Once a voter has inked his finger and voted, he can’t vote again until the inked skin sloughs off long after the election.
If we start with your assumption that the margins of victory were great enough to be outside the plausible extent of fraud, then looking at this election, in my opinion, will likely reveal very little fraud. As someone else said, if it isn’t close you can’t steal it. I believe that zombie voters and “extra” ballots are more likely held in reserve just in case you get a situation like Minnesota, when mysterious “found” votes get trickled into the system. As long as the count keeps changing the argument is made to count again, allowing another chance to “find” a few more ballots. I have no doubt this is what Gore was trying to do in 2000.
1) A national ID tied to a non-meaningful number generated by the database. This allows you to verify the existence of a voter without revealing their identity. The national database is crosschecked against the social security rolls. If a person is deceased, the voter is flagged as deceased but not removed until an official death certificate is presented. States can report but only feds can purge.
2) Require states to check voter rolls semi-annually, against the national database, using the non-meaningful number. If the voter is registered in two states, the database flags that voter as potential fraud and the states investigate until it’s resolved. Until it’s resolved, only provisional ballots will be accepted for that voter.
3) Disallow the purging of voter rolls immediately preceding an election (within 90 days),and require all states to accept provisional ballots for those voters not verified before the cutoff.

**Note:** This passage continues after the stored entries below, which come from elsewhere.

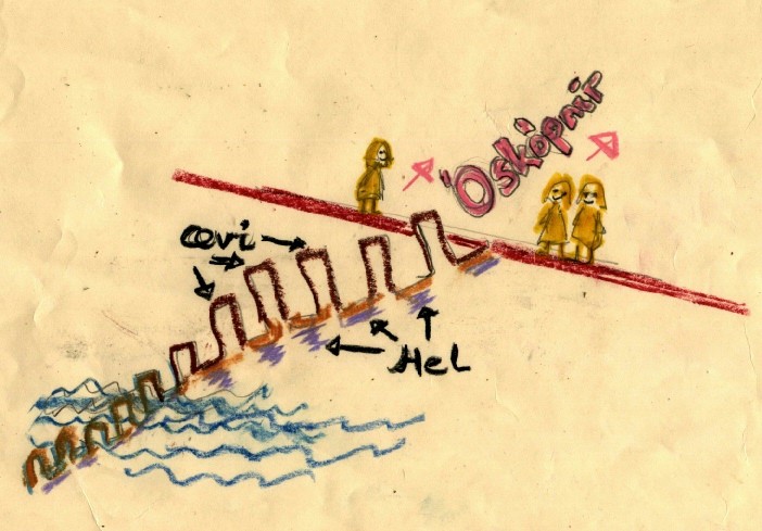below the red line life-spans as animals, and the breaks at Helia, our origin in the sea, our evolution for some millions of life-spans perhaps;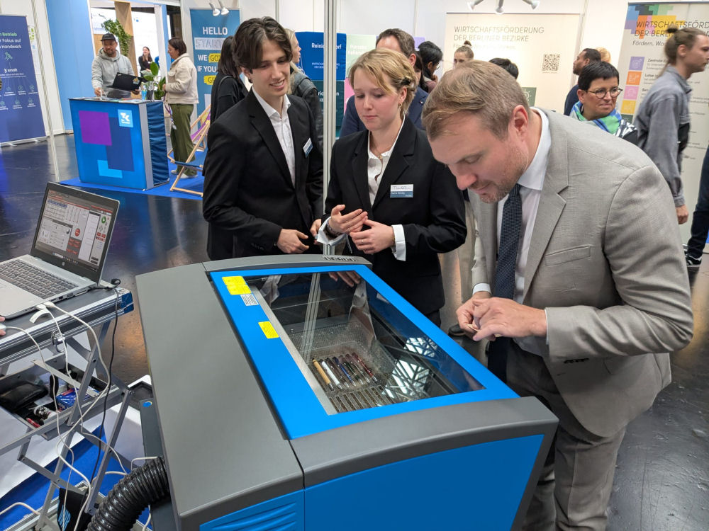 Besondere Wertschätzung erhielten die SchülerInnen am ersten Tag, als sich der Wirtschaftsminister des Landes Brandenburg aus ganz privatem Interesse in ein ausführliches Gespräch begab. Aber auch Herr Bothe, Leiter der Servicestelle Schülerfirmen, sowie Asli Karabenli, Leiterin des JUNIOR-Hauptstadtbüros, nahmen sich ausführlich Zeit, um sich über aktuelle Entwicklungen in der nun 19 Jahre bestehenden Schülerfirma zu erkundigen.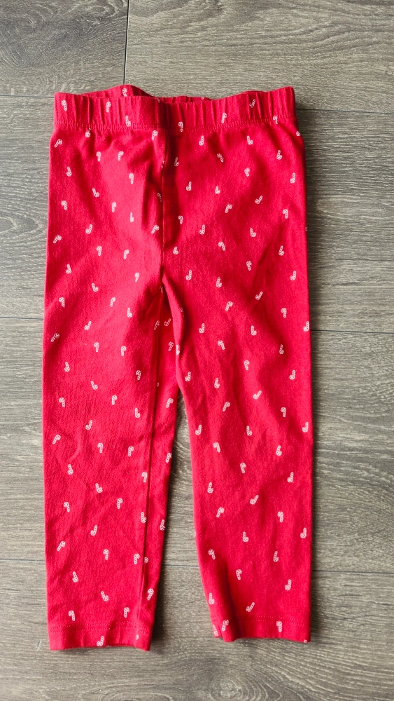 Adorable red leggings. Features a candy cane pattern. Soft cotton material. Great for the holidays.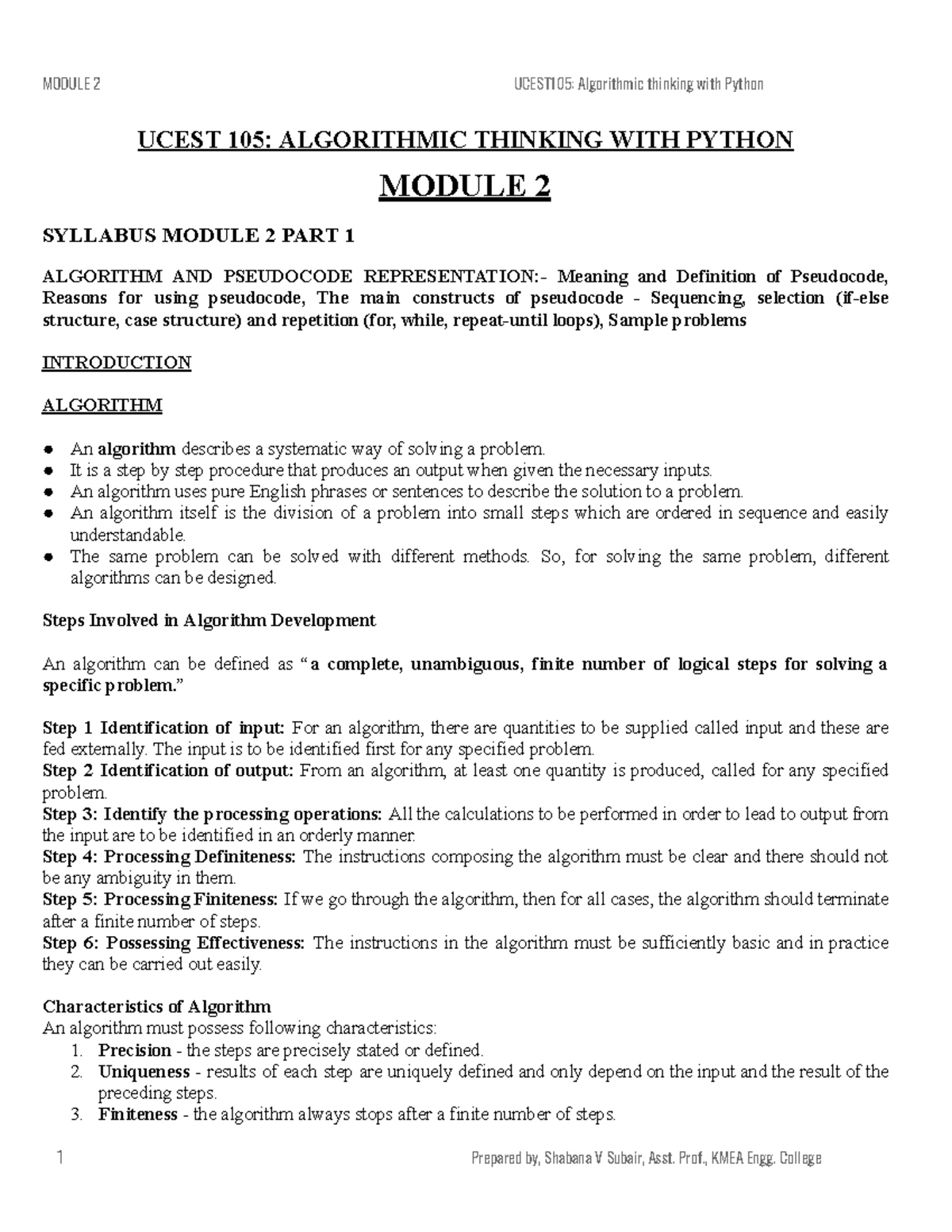 UCEST 105: Module 1 Complete Notes on Algorithmic Thinking in Python ...

4) Check all provisional ballots against the database and only accept the ballot if the voter’s existence and single registration is confirmed. Most elections are not close enough that it matters. When they are, it matters a great deal. If provisional ballots turn out to be attempts at fraud, flag the voter ID and watch for another attempt in the upcoming election. If it shows up, arrest the “voter” on the spot and march them straight to jail Mandatory sentences of two years in federal lockup for a first offense, 4 years for a second offense and two additional years for each additional offense.
The law is not the same in every state, I do know in my state, Florida, ACORN has the ability to discard any registration form that they have reason to believe is fraudulant. There are 6-8 other states with similar laws. I do have a question…why doesn’t the Republican party create an organization to counter ACORN. It’s time to take the gloves off, if they keep showing up to a gun fight armed with a knive, we’re going to see more of the same results.
In the presidential election last week, I voted by paper ballot. The poll officials called out my name and gave me a piece of paper. I took the paper to a voting booth, where I blackened little ovals to designate the candidates of my choice.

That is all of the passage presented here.